Lady Mullinger was elderly and plain. Catching sight of Father Holt, she made him signals so urgent that he had to come forward; she beset him with smiles and gestures and enquiries under which he stood patient and courteous, a picture of well-bred disdain. Lady Mullinger had no misgiving, and she rallied him archly, she appealed to him, she bunched her untidy amplitude together to make room for him at her side. He looked at her sidelong with his bright eyes, and he took no notice of her advances beyond answering her large sloppy questions with a neatly worded phrase. She made the foolish mistake of coupling Father Holt and Cooksey together in her broadly beaming patronage; Cooksey was well aware that it was a mistake, and his assurance failed him. Father Holt (I can’t call him anything else) glanced from one to the other with a single flit of his cool observation, and it was enough. Cooksey was ill at ease; he had been gossiping quite comfortably with her ladyship, but with Father Holt’s quiet glance on him he tried to disown her. He saw that she was stout and ordinary, and that he himself looked terribly like her; he edged away and did his best to range himself on Father Holt’s side of the colloquy. But Father Holt kept them serenely at a distance, the pair of them; it was easy to see that it was not for Cooksey to stand by his side uninvited.

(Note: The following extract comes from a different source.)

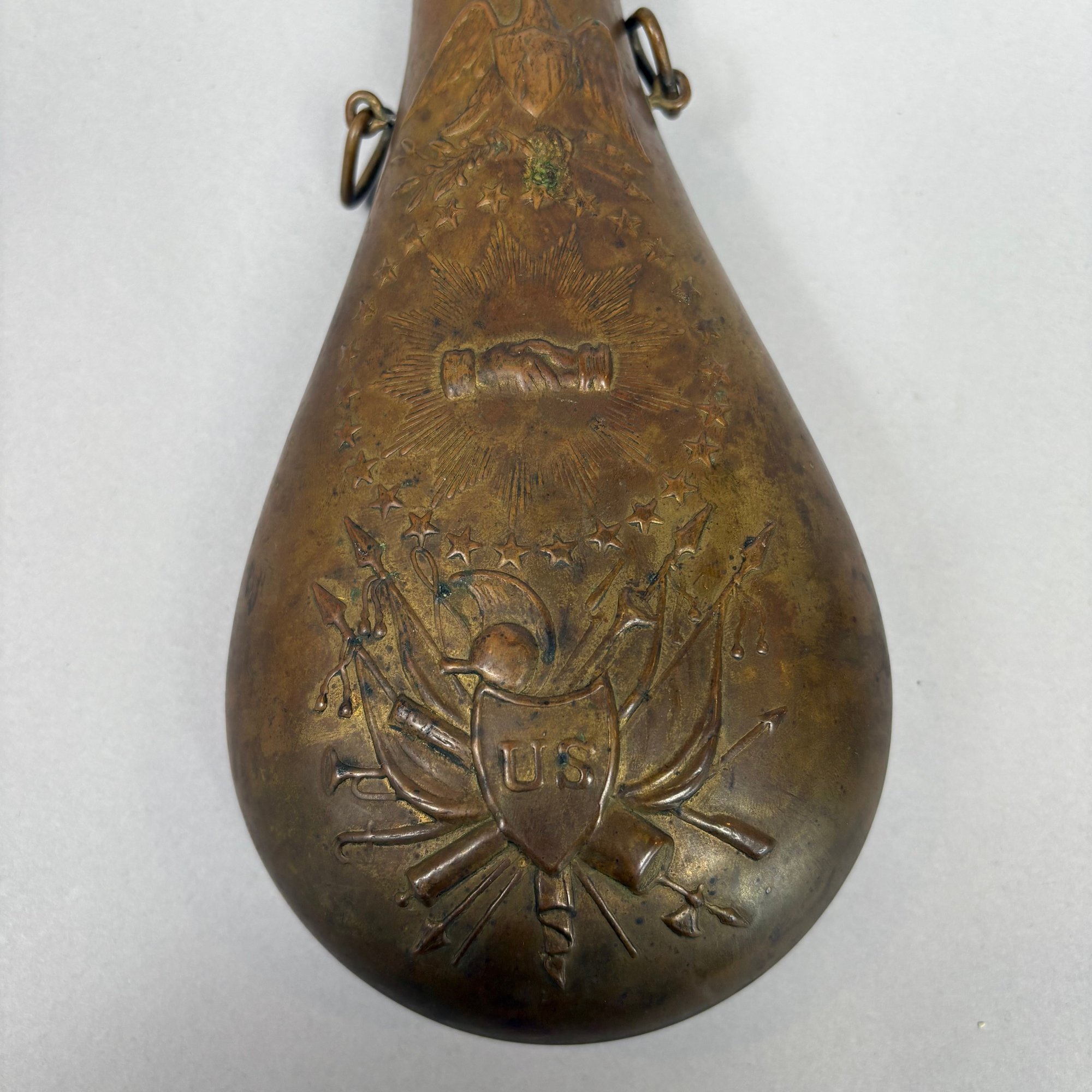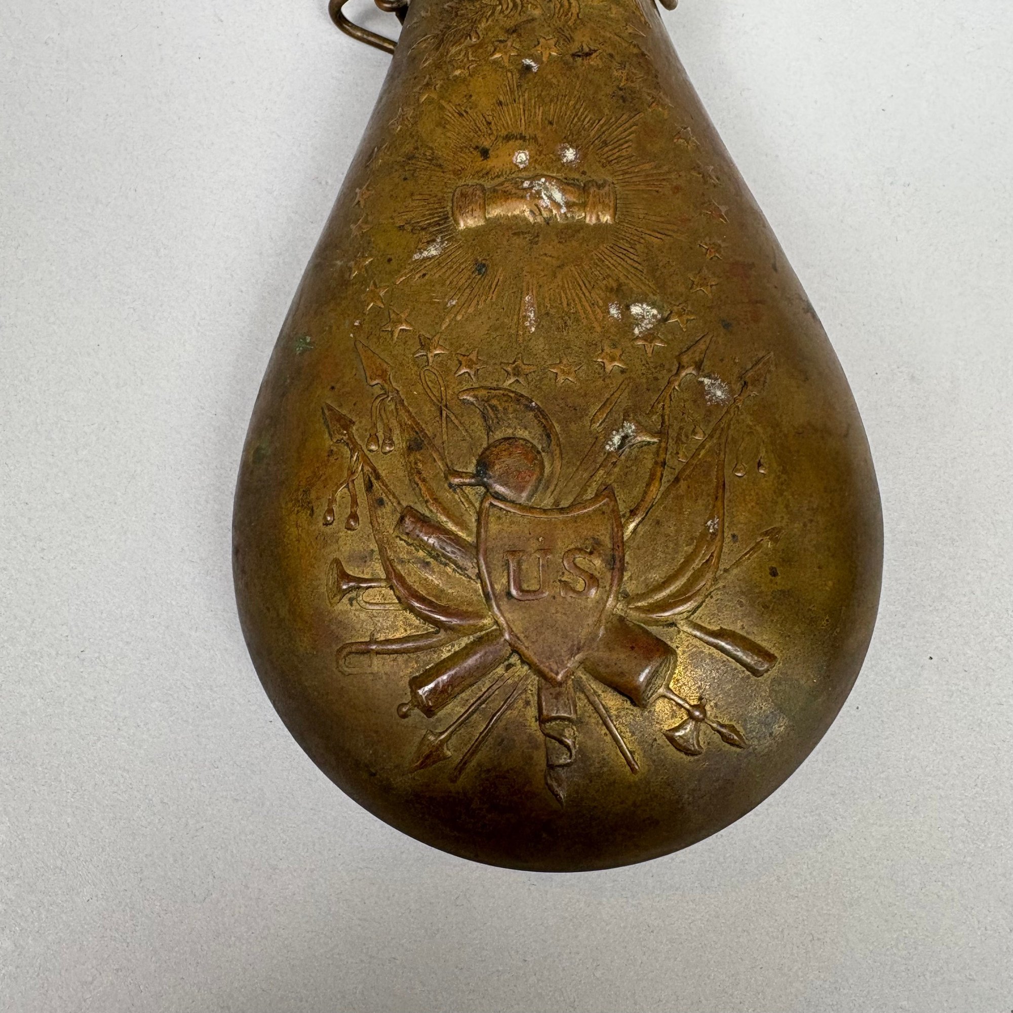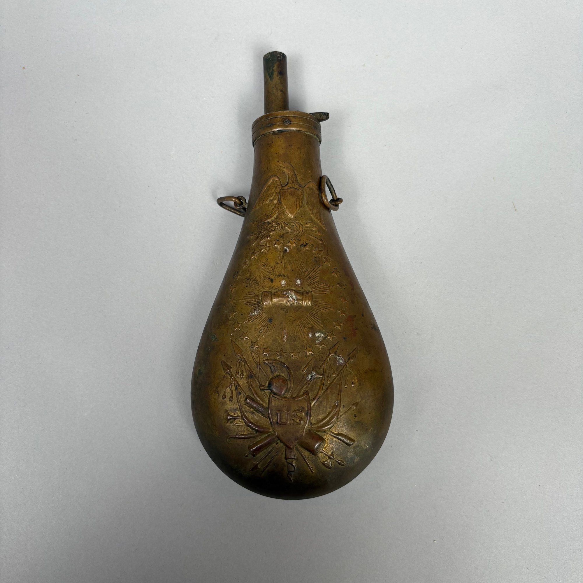 American Stamped Brass "Peace" Powder Flask.
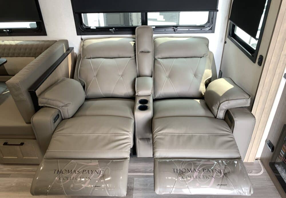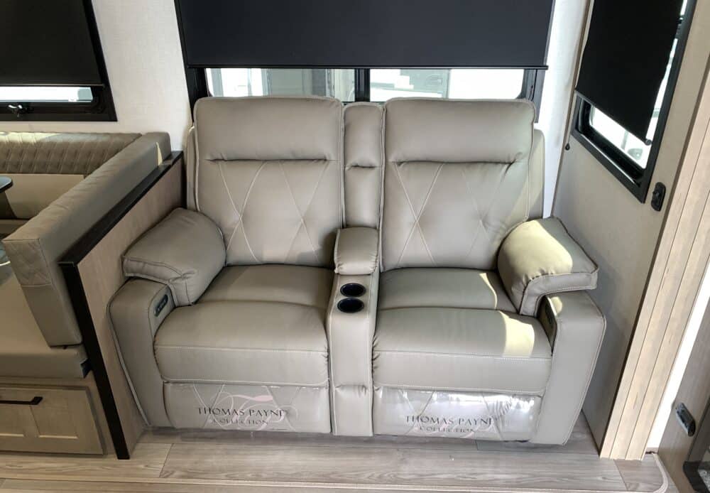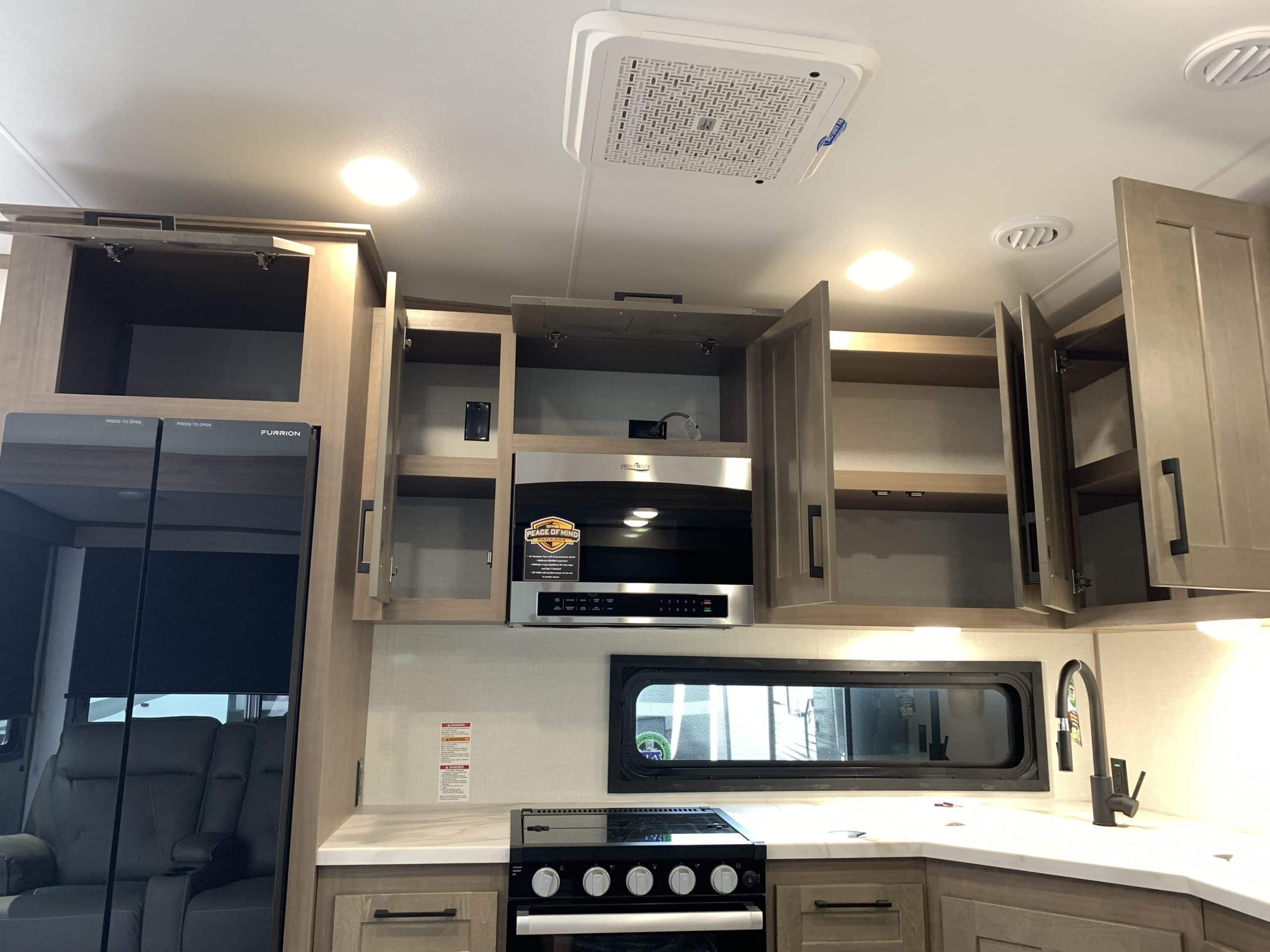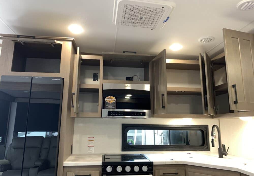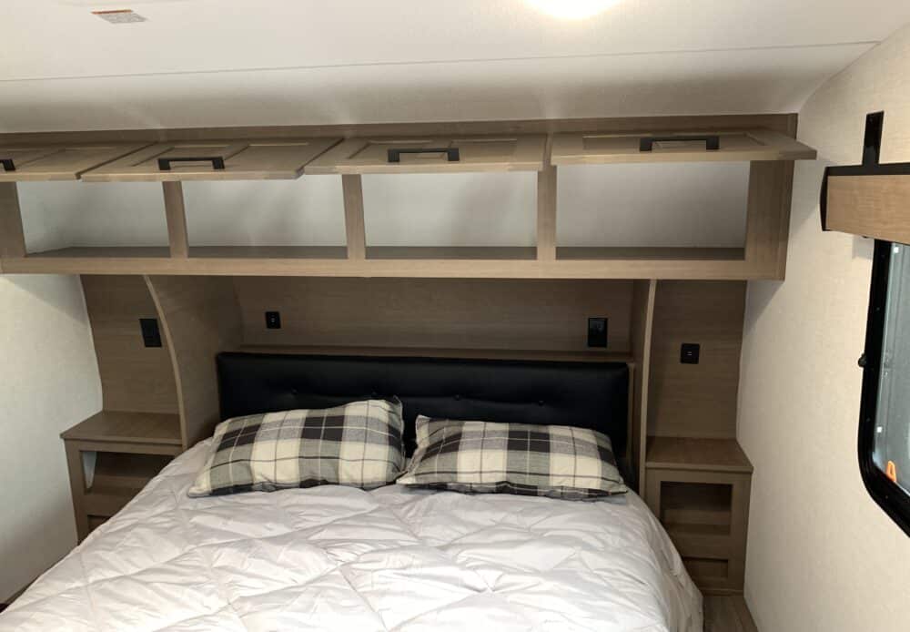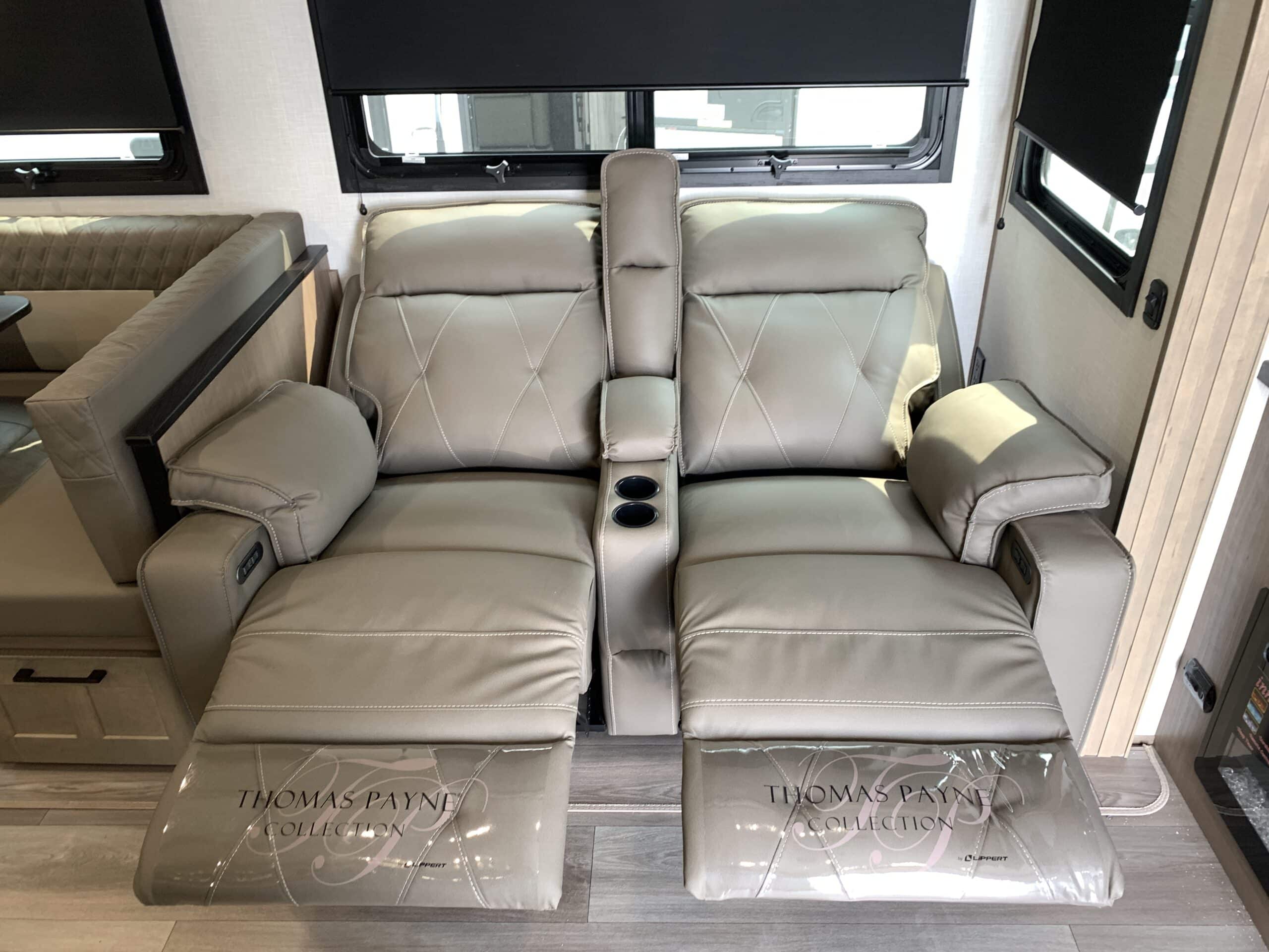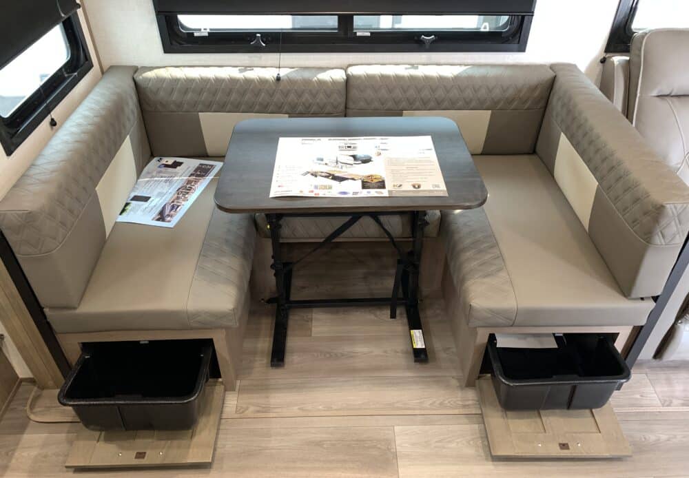 De plus, la Durango 286BHD a 2 airs climatisés de 15000 btu. et un foyer qui tempéreront  l’ambiance désirée. Par ailleurs, la cuisine a un micro-ondes, un poêle avec dessus en verre et un réfrigérateur 12 volts. Vous trouverez également une table banquette et une causeuse inclinable. Enfin le système audio vous permettra d’écouter votre musique préférée.

“No, Lady Mullinger,” said Father Holt, “I can’t, I fear, make you a definite promise in that matter.” He spoke with a charming vibrating bell-tone; it was like the striking of a rod of polished silver in the midst of the sawing of strings out of tune. Lady Mullinger, unsuspecting and unabashed, flung herself the more vehemently into her demand; she wanted him to do this and that, but mainly she wanted him to come to tea with her on Thursday and to have a little talk with “poor Charlotte”; she pressed it as an opportunity for poor Charlotte which he mustn’t deny her. Poor Charlotte was in a sad way; nothing seemed to ease her, nobody had proved able to open “the door of her spirit.” So Lady Mullinger said, and she was positive that Father Holt would open the door, he alone, and she would arrange that nobody should disturb them, her salottino would be free (they would have tea in the big room), and he and poor Charlotte could then have a “nice little talk.” Lady Mullinger had set her heart on it—“just a nice little talk, quite informal”; she shouldn’t tell poor Charlotte that he was expected, and he could just draw her aside, after tea, and help the poor thing to “find her way.” The convenience of the salottino was urged once more, and the tact with which Lady Mullinger would keep her other guests out of it; and the ghost of the smile was upon the lips of Father Holt as he repeated, very distinctly, his refusal to make her a promise. Poor Charlotte would evidently have to find the way for herself, and Lady Mullinger abounded in despair.